I successi non arrivano per caso. E nemmeno subito. Lo devono sapere bene Stefano La Rosa e Claudio Panozzo, insieme dal lontano 1998, quando Stefano frequentava ancora la seconda media. Un binomio vincente, quello fra il fondista grossetano che compirà i 30 anni il prossimo 28 settembre e il suo coach, come testimoniano gli 8 titoli di Campione italiano, le 21 presenze in Nazionale assoluta, il recente ottavo posto ai Campionati europei di Zurigo e, soprattutto, il positivo esordio in maratona, lo scorso primo marzo a Treviso.
Su Correre di aprile è Giorgio Rondelli che approfondisce questo proficuo rapporto attraverso un’interessante intervista che tocca tutti gli aspetti della preparazione per la maratona. Eccone un estratto. Nel numero in edicola troverete inoltre le relative tabelle di allenamento.
Quando e come è nata l’idea di allenarsi per la maratona?

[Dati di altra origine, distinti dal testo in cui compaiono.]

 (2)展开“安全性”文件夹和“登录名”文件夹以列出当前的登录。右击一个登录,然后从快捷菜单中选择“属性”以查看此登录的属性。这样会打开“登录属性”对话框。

«Alla fine dell’estate scorsa, dopo i Campionati europei di Zurigo e alla luce di alcune considerazioni oggettive. Stefano, in pista, aveva ormai margini di crescita limitati, anche perché i 10.000 m, la gara in cui avrebbe potuto esprimere tutto il suo potenziale, gli sono sempre risultati ostici sotto l’aspetto psicologico. Non tutti digeriscono bene 25 giri in pista. Inoltre nelle corse su strada si era sempre espresso molto bene, quindi perché non tentare?»

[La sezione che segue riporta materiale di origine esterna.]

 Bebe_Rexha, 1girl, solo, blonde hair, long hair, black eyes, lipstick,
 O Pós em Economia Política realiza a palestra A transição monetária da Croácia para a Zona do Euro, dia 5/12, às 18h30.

Quali sono stati i maggiori problemi da risolvere per affrontare la gara d’esordio?
«Soprattutto quelli di natura biomeccanica. Stefano aveva una falcata troppo ampia e dispendiosa, tipica di una carriera sinora legata alla pista. Abbiamo dovuto lavorare per arrivare a una corsa economica, che comportasse la minor spesa energetica possibile, indispensabili per affrontare una gara lunga 42,195 km. Dovevamo cercare di ridurre l’ampiezza della falcata velocizzando le frequenze di appoggio.
Che chilometraggi avete raggiunto durante le varie fasi di preparazione?

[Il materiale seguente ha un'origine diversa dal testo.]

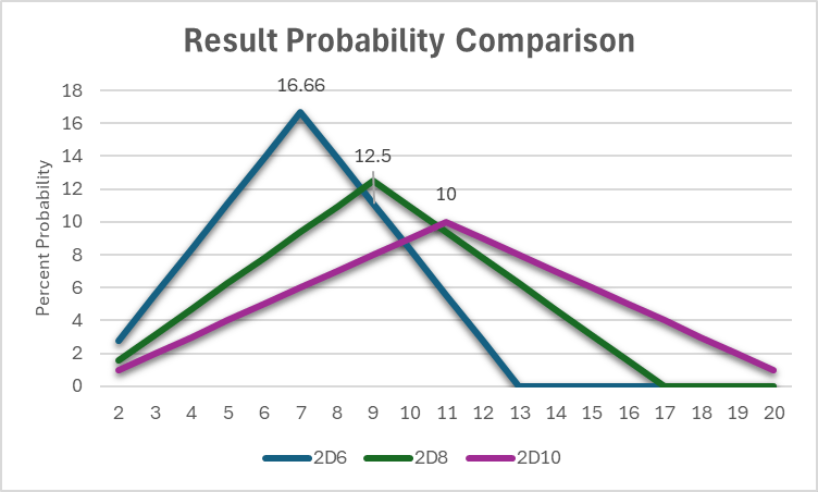 A few things leap out: 2D10 and 2D8 are triangular, not curves. 2D6 creates the classic bell curve. This means bonuses and penalties on the 2D6 add up faster. Notice how a (-2) would drop success from 58% to 27%–a 21% difference. With 2D8 it’s another 20% drop, whereas with 2D10 that would only drop it from 85% to 72%–a 13% difference. The reverse is also true: when revolving around 7+ success, bonuses benefit the 2D6 far more.

«Siamo partiti con chilometraggi ridotti di 120/140/160/180 km alla settimana, per arrivare a superare il muro dei 200 nelle due settimane di maggior carico. Le sedute settimanali sono state 12: niente doppi il giovedì e la domenica pomeriggio.»
C’è un allenamento in particolare che ritieni essere stato vincente?
«Non uno in particolare, perché per fare bene nella maratona bisogna lavorare al top in tutte le direzioni. Certamente il doppio giornaliero di qualità sui ritmi gara, con 14 km al mattino seguiti da un pasto ipoglucidico e poi altri 12 o 14 km al pomeriggio, ci hanno dato fiducia di essere sulla buona strada, vista la facilità con cui Stefano li portava a termine con crono eccellenti.»